Data section section start
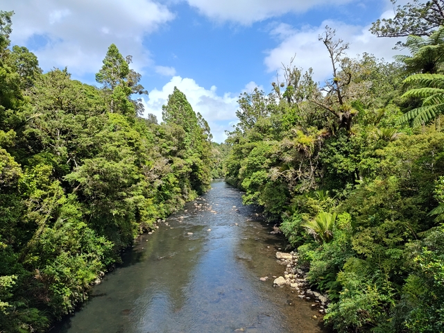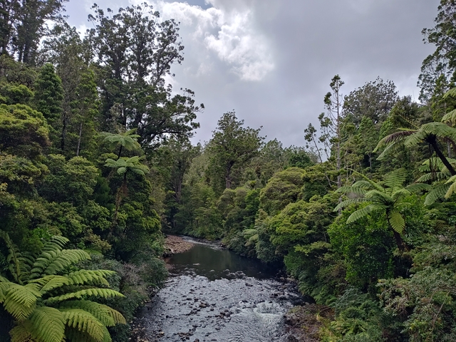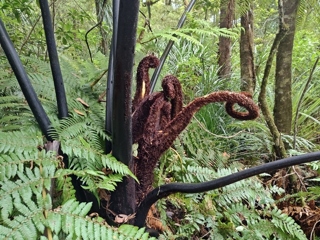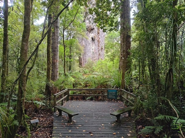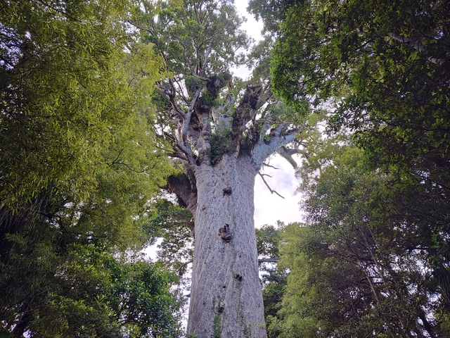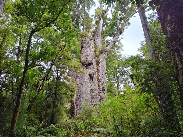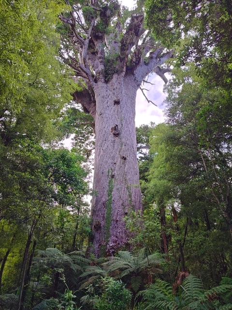 Das ist der größte Baum Neuseelands und angeblich der 5. größte der Südhalbkugel. Der Baum selbst erzeugt ein Ökosystem mit über 100 Tier- und Pflanzenarten. Nicht nur der Wipfel ist riesig; die Wurzeln sollen bis in eine Tiefe von 5 Metern gehen und den Umkreis des Wipfels deutlich überbieten. Und der Kauribaum wächst nicht nur in die Höhe, sondern er dreht sich auch, um sich besser gegen Wind zu wappnen. Das sieht man am Stamm aber erst, wenn der Baum ca. 1000 Jahre alt geworden ist.
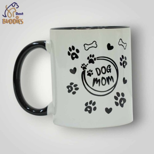 Dog Mom Ceramic Mug with Paw Print and Bone Designs
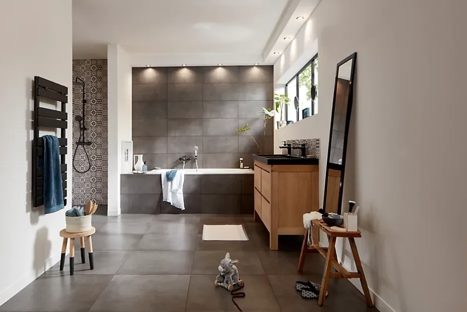 Carrelage sol anthracite 30,7 x 61,7 cm Konkrete
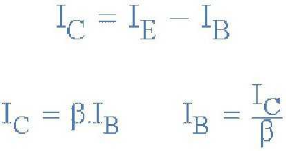 Итак, чтобы вызвать протекание базового тока в PNP-транзисторе, база должна быть более отрицательной, чем эмиттер (ток должен покинуть базу) примерно на 0,7 вольт для кремниевого прибора или на 0,3 вольта для германиевого. Формулы, используемые для расчета базового резистора, базового тока или тока коллектора такие же, как те, которые используются для эквивалентного NPN-транзистора и представлены ниже.
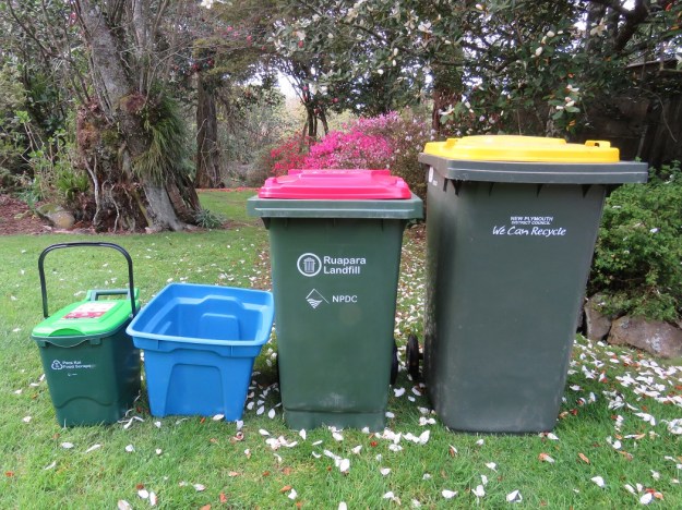 We have had two new rubbish receptacles delivered and our rates (local council taxes) have increased accordingly. I am grateful that we have a large, double carport where we can hide these in the deepest recesses – I pulled them out to pose them with a pretty background – but I can see that the sheer amount of space they take up must be a real problem for many urban dwellers, particularly those in small units or with minimal outside space.
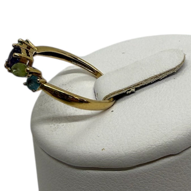 Bague demi-tour en or jaune 750/1000, poinçonnée 750, au poids de 1,72 g, sertie d’une améthyste de 0,10 ct, de deux pierres naturelles vertes et de deux spinels bleus (0,05 ct chacun). En taille 52 et en très bon état, elle offre un jeu de couleurs élégant et lumineux, idéal pour apporter une touche raffinée à toute collection.
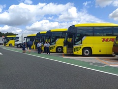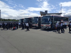 予定時刻の5分前には129名全員が集合し、出発式を行いました。天候は雨の予報と違い、明るい曇り空です。
Data section section end
__Assignment__: Please output the material as written, apart from the images.

__Reply__:
 Das ist der größte Baum Neuseelands und angeblich der 5. größte der Südhalbkugel. Der Baum selbst erzeugt ein Ökosystem mit über 100 Tier- und Pflanzenarten. Nicht nur der Wipfel ist riesig; die Wurzeln sollen bis in eine Tiefe von 5 Metern gehen und den Umkreis des Wipfels deutlich überbieten. Und der Kauribaum wächst nicht nur in die Höhe, sondern er dreht sich auch, um sich besser gegen Wind zu wappnen. Das sieht man am Stamm aber erst, wenn der Baum ca. 1000 Jahre alt geworden ist.
 Dog Mom Ceramic Mug with Paw Print and Bone Designs
 Carrelage sol anthracite 30,7 x 61,7 cm Konkrete
 Итак, чтобы вызвать протекание базового тока в PNP-транзисторе, база должна быть более отрицательной, чем эмиттер (ток должен покинуть базу) примерно на 0,7 вольт для кремниевого прибора или на 0,3 вольта для германиевого. Формулы, используемые для расчета базового резистора, базового тока или тока коллектора такие же, как те, которые используются для эквивалентного NPN-транзистора и представлены ниже.
 We have had two new rubbish receptacles delivered and our rates (local council taxes) have increased accordingly. I am grateful that we have a large, double carport where we can hide these in the deepest recesses – I pulled them out to pose them with a pretty background – but I can see that the sheer amount of space they take up must be a real problem for many urban dwellers, particularly those in small units or with minimal outside space.
 Bague demi-tour en or jaune 750/1000, poinçonnée 750, au poids de 1,72 g, sertie d’une améthyste de 0,10 ct, de deux pierres naturelles vertes et de deux spinels bleus (0,05 ct chacun). En taille 52 et en très bon état, elle offre un jeu de couleurs élégant et lumineux, idéal pour apporter une touche raffinée à toute collection.
 予定時刻の5分前には129名全員が集合し、出発式を行いました。天候は雨の予報と違い、明るい曇り空です。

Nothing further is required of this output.